62. Menanggung Dosa

10.3K 1K 438
                                    

Dosa apa yang ditanggung hayo?

🧚🏻🧚🏻

"Zia bikin story apa hari ini, Gi?"

"Pertanyaan itu lagi."

Edward terkekeh. Dia berjalan melewati pintu dan berhenti di meja sekretarisnya dengan telepon di satu telinga dan tumpukan berkas di tangan yang lain. Saat tahu Edward keluar dari ruangan, sekretarisnya segera berdiri dan menunduk untuk memberi hormat.

"Wait, gue cek dulu. Adek gue lagi rajin update story dua hari ini. Tapi isinya makanan doang. Jangan harap lo bisa liat mukanya."

Edward memberi isyarat ke wanita di depannya untuk membuka schedule. "Denger Zia update story aja gue udah seneng." Dia tidak masalah meski ada orang lain yang mendengar percakapan ini.

"Di WA adanya, Ed. Di ig belum aktif juga dia. Mana foto profil kosong, lagi. Mendadak introvert amat adek gue."

"Kirim aja. Pokoknya kalo ada kabar tentang dia, kirim ke gue langsung. Gue tunggu."

Edward mematikan sambungan telepon. Dia terfokus ke sebuah tablet di depannya yang memperlihatkan jadwal meeting sehabis break nanti. "Materi meeting-nya udah disiapin?"

"Udah, Pak. Sebentar saya tunjukkan."

Tidak butuh waktu lama, Edward melihat grafik proyek terbaru, spesifikasi teknis, dan konsep desain terpampang jelas di layar tablet. Dia mengangguk-angguk. "Good job. Jangan lupa kirim reminder ke tim pengembangan proyek buat meeting nanti. Oh iya, satu lagi. Udah kamu kosongin jadwal saya selama tiga hari?"

"Baru bisa me-lobby dua meeting, Pak. Tapi saya usahakan bisa. Pak Edward jadi ke Aussie minggu depan?"

Edward tersenyum lebar. Membayangkan hal itu membuatnya senang. "Jadi. Nanti kalau yang sehari nggak bisa re-schedule nggak perlu dipaksain. Saya bisa minta tolong adik saya biar gantiin. Kamu juga udah kerja sangat baik. Terima kasih banyak."

"Sama-sama, Pak Edward. Semoga urusan di sana lancar."

"Makasih doanya. Kamu boleh break, terus lunch dulu. Di pantry udah banyak makanan dateng. Tadi saya pesankan khusus untuk divisi yang nanti meeting. Jadi ajak mereka juga."

Wanita di depannya mengangguk dengan semangat. Akhir-akhir ini Edward memang lebih sering menyediakan makanan dari luar kantor padahal proyek belum berjalan apalagi nyentuh well-executed, masih jauh. Entah ada apa dengan atasannya beberapa minggu terakhir.

Tapi yang didengar dari gosip yang beredar, Edward dan kekasihnya berpisah. Kalau lihat dari pembawaan Edward yang tetap santai mungkin itu memang hanya gosip. Atau kalau beneran berpisah mungkin aja LDR. Karena banyak orang lama yang paham jika Edward patah hati nggak mungkin sesantai ini. Mereka jadi saksi bagaimana kabur-kaburannya Edward dengan keadaan yang mengkhawatirkan setelah patah hati usai ditinggal Gwen meninggal dunia.

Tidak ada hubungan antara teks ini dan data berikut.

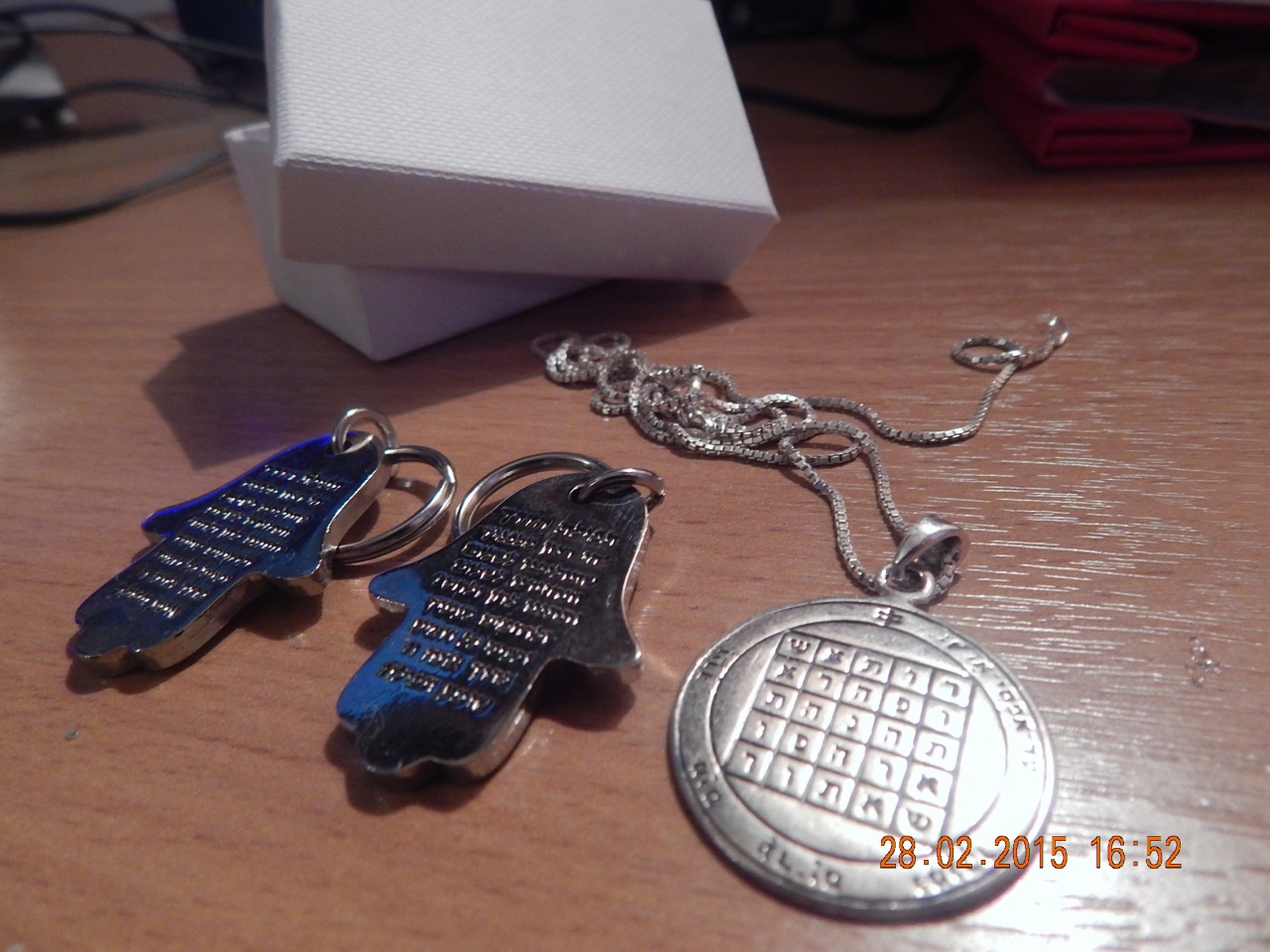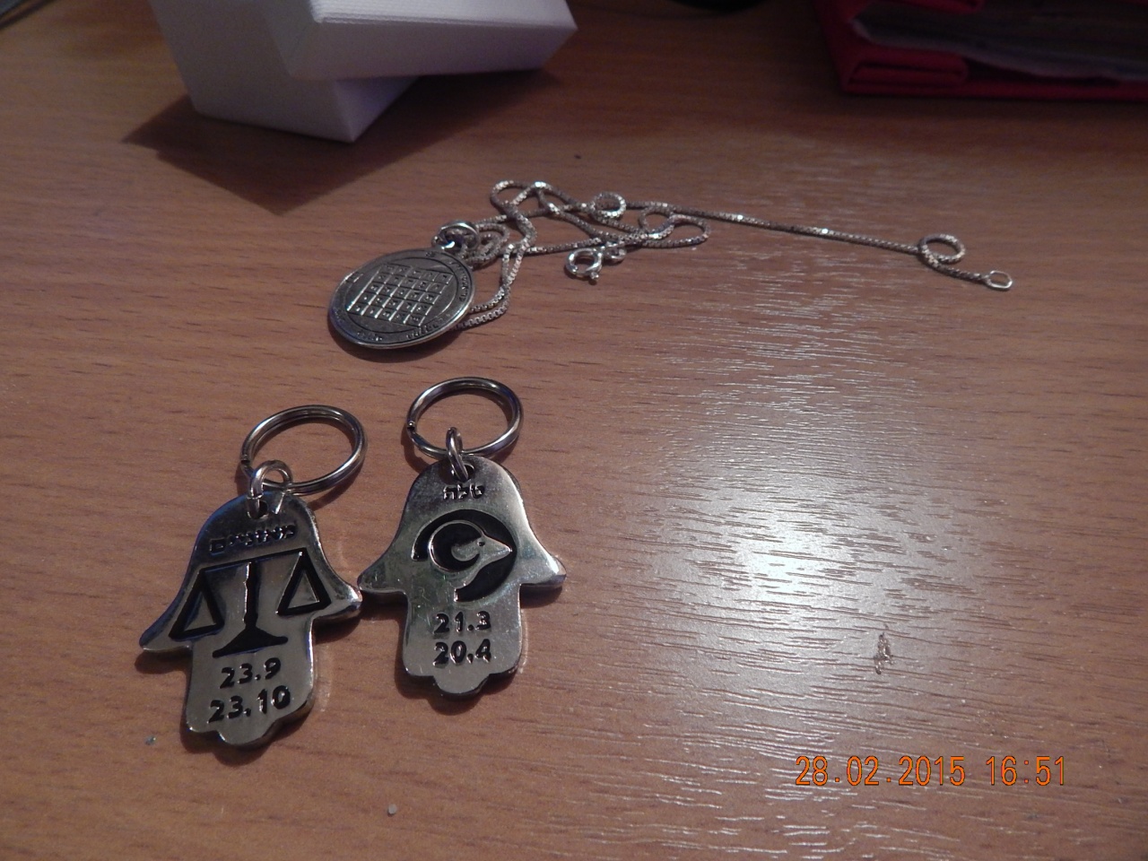 Подарок: Два оберега с молитвой на иврите( весы и овен)

Tapi saat tau bahwa Edward mau ke Australia, udah pasti nyusulin pacarnya. Ini tanda kalau gosip nggak selamanya jadi fakta.

"Terima kasih, Pak Edward."

Edward mengangguk dan tersenyum, lalu berbalik lagi ke dalam ruangannya yang hening. Dia mengangkat ponsel di tangan kanan dan mendapati Ogi mengiriminya pesan.

Sebuah foto beberapa makanan mediteranian di meja. Tidak ada imbuhan caption apa pun. Tanpa wajah Zia.

Reaksinya selalu sama. Senyumnya luntur, napas Edward mendadak tersendat tiap kali mengetahui unggahan Zia meski hanya lewat makanan yang saat ini dinikmati gadis itu. Ini sudah hampir sebulan, namun rasa rindu makin memuncak tiap detik.